Proof. ($\Longrightarrow$) Let $M\subset X$ be complete. Let $(x_n)$ be a sequence in $M$ such that $x_n\rightarrow x$. Then $(x_n)$ is Cauchy. Since $M$ is complete, every Cauchy sequence must converge and hence $x\in M$. This means that $M$ is closed.

($\Longleftarrow$) Suppose that $M\subset X$ is closed. Let $(x_n)$ be a Cauchy sequence in $M\subset X$. Since $X$ is complete, $\exists x\in X$ such that $x_n\rightarrow x$. Since $M$ is closed, $x\in M$. Therefore, $M$ is complete.

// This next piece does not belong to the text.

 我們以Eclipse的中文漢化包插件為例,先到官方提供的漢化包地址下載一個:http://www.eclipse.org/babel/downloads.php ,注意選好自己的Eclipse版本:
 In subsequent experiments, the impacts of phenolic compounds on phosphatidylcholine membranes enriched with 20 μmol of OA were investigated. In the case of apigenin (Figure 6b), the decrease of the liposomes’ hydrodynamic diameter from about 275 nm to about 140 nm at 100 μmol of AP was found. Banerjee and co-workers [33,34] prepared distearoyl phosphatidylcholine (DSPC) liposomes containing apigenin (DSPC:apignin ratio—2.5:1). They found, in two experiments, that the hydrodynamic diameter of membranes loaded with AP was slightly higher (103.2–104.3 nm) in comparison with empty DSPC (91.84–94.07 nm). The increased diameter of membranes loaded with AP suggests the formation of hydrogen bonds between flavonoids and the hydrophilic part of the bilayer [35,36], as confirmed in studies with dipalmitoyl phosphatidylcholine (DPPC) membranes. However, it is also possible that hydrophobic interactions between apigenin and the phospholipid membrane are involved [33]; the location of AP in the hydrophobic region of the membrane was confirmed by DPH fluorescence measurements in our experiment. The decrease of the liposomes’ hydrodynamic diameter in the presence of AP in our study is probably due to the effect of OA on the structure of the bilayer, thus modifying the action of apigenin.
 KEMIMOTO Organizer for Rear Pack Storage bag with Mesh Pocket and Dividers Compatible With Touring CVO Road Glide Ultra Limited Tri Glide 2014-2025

Example. In $\mathbb{R}$ with Euclidean metric, the closed intervals $[a,b]$ are complete. $\mathbb{Z}$, the set of integers is also complete by the above theorem since it is closed in $\mathbb{R}$. One can directly see why $\mathbb{Z}$ is complete without quoting the theorem though. Let $(x_n)$ be a Cauchy sequence in $\mathbb{Z}$. Then we see that there exists a positive integer $N$ such that $x_N=x_{N+1}=x_{N+2}=\cdots$. Hence any Cauchy sequence in $\mathbb{Z}$ is a convergent sequence in $\mathbb{Z}$. Therefore, $\mathbb{Z}$ is complete.

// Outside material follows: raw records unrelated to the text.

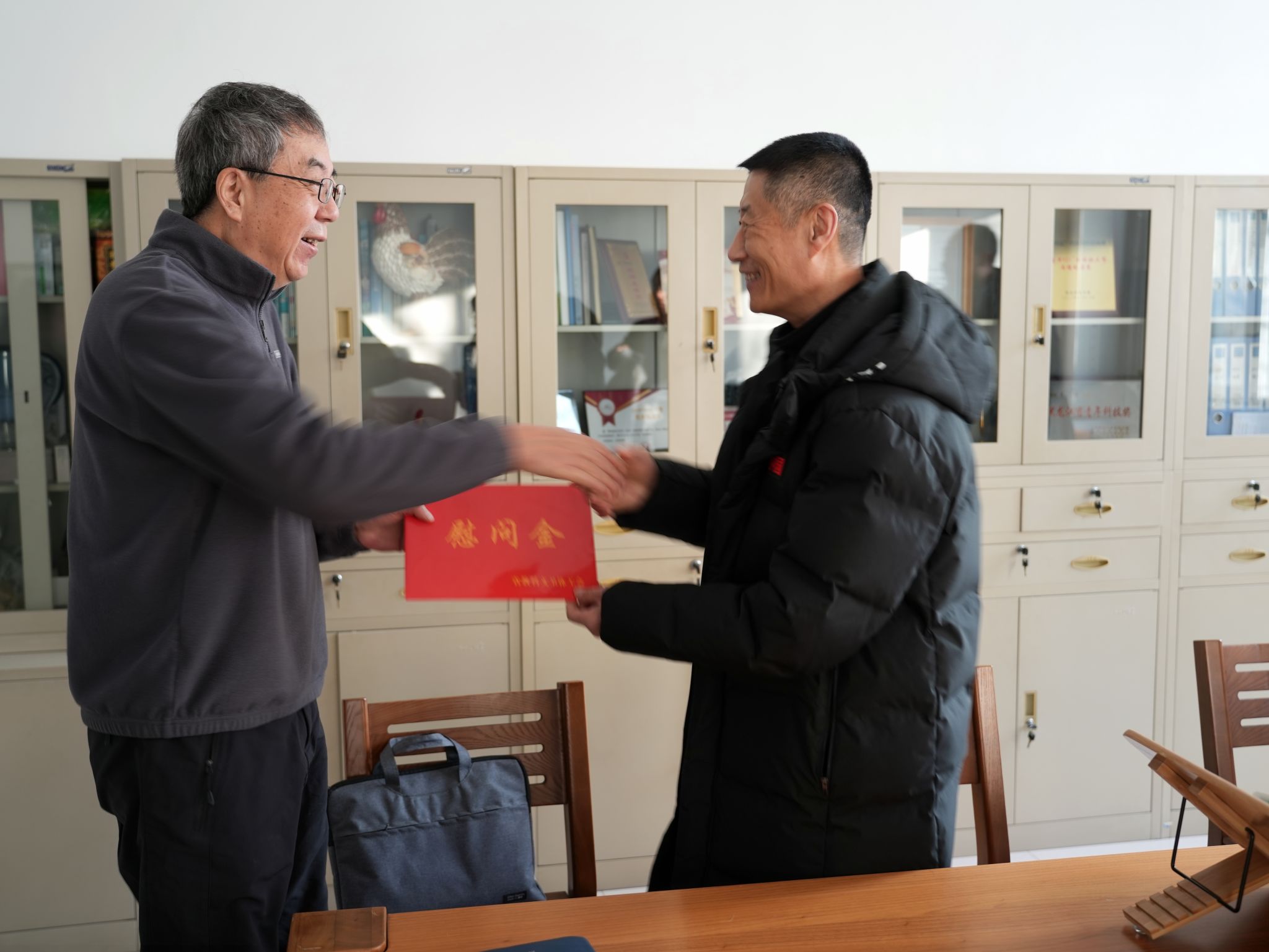 省教科文卫体工会慰问组首先来到我校动物科学技术学院看望慰问全国五一劳动奖章获得者李辉教授,与他亲切交谈,详细了解他的工作、生活及科研情况,并对他一年来的辛勤工作表示感谢,对取得的工作成绩给予赞誉,叮嘱他保重身体,同时为李辉教授送上了新春祝福。
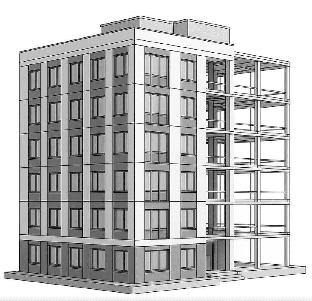 • Многоэтажные жилые и общественные здания до 7+ этажей.
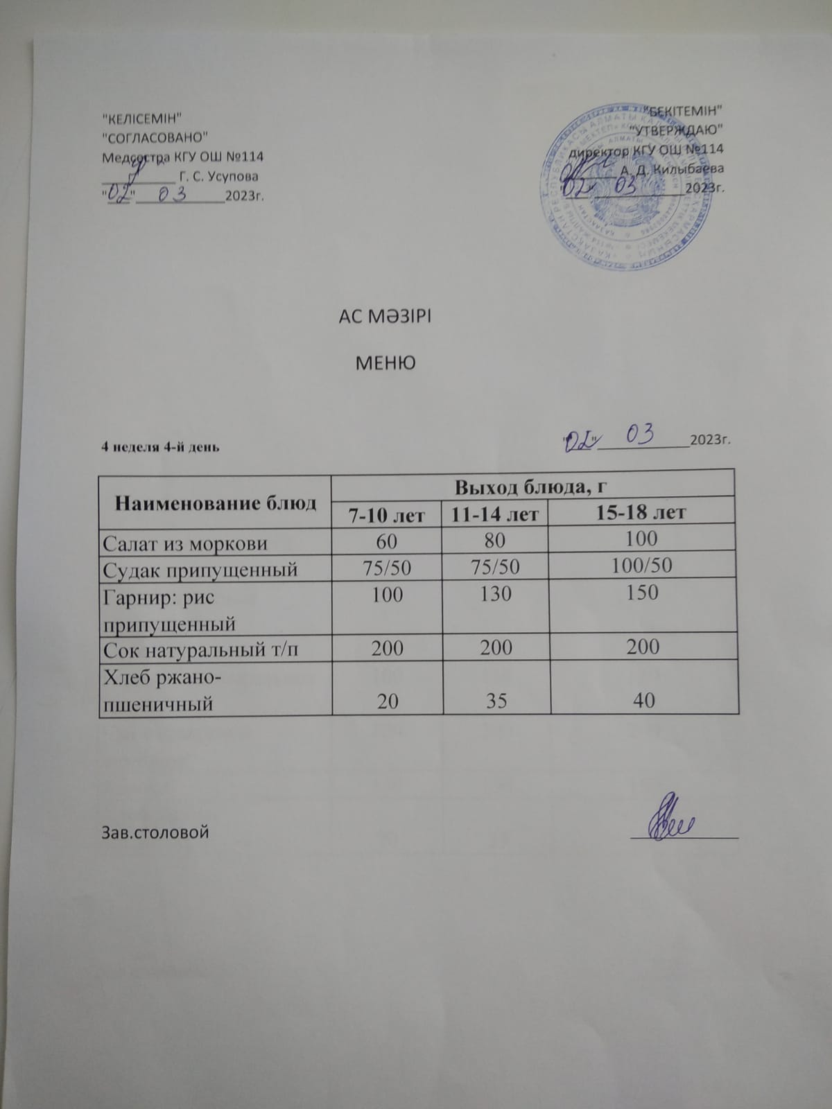 Тамақтану бойынша келісім шарт- 2023-2024ж
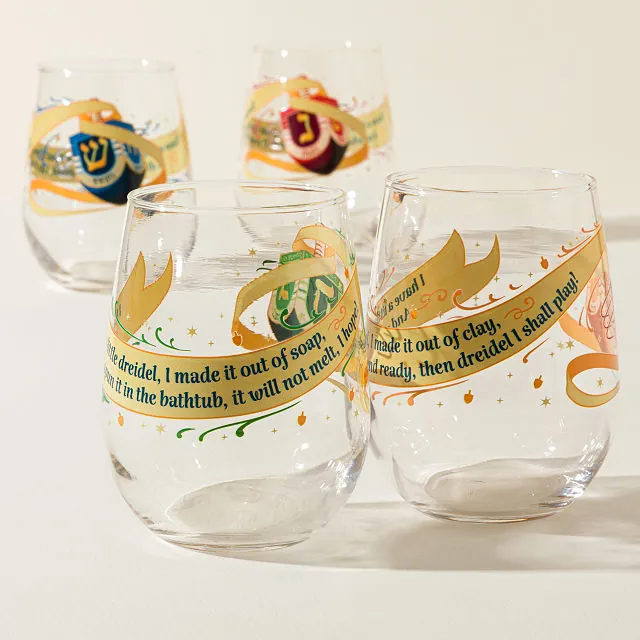 Use the glasses to toast during Hanukkah celebrations, enjoy a favorite beverage, or create your own friendly dreidel drinking game. Each glass features a unique dreidel side, allowing for playful spins and fun storytelling throughout the holiday.

Theorem. A mapping $T: X\longrightarrow Y$ is continuous at $x_0\in X$ if and only if $x_n\rightarrow x$ implies $Tx_n\rightarrow Tx_0$.

Proof. ($\Longrightarrow$) Suppose that $T$ is continuous and $x_n\rightarrow x$ in $X$. Let $\epsilon>0$ be given. Then $\exists\delta>0$ s.t. whenever $d(x,x_0)<\delta$, $d(Tx,Tx_0)<\epsilon$. Since $x_n\rightarrow x$, $\exists$ a positive integer $N$ s.t. $d(x_n,x_0)<\delta$ $\forall n\geq N$. So, $\forall n\geq N$, $d(Tx_n,Tx_0)<\epsilon$. Hence, $Tx_n\rightarrow Tx_0$.

($\Longleftarrow$) Suppose that $T$ is not continuous. Then $\exists\epsilon>0$ s.t. $\forall\delta>0$, $\exists x\ne x_0$ satisfying $d(x,x_0)<\delta$ but $d(Tx,tx_0)\geq\epsilon$. So, $\forall n=1,2,\cdots$, $\exists x_n\ne x_0$ satisfying $d(x_n,x_0)<\frac{1}{n}$ but $d(Tx_n,Tx_0)\geq\epsilon$. This means that $x_n\rightarrow x_0$ but $Tx_n\not\rightarrow Tx_0$.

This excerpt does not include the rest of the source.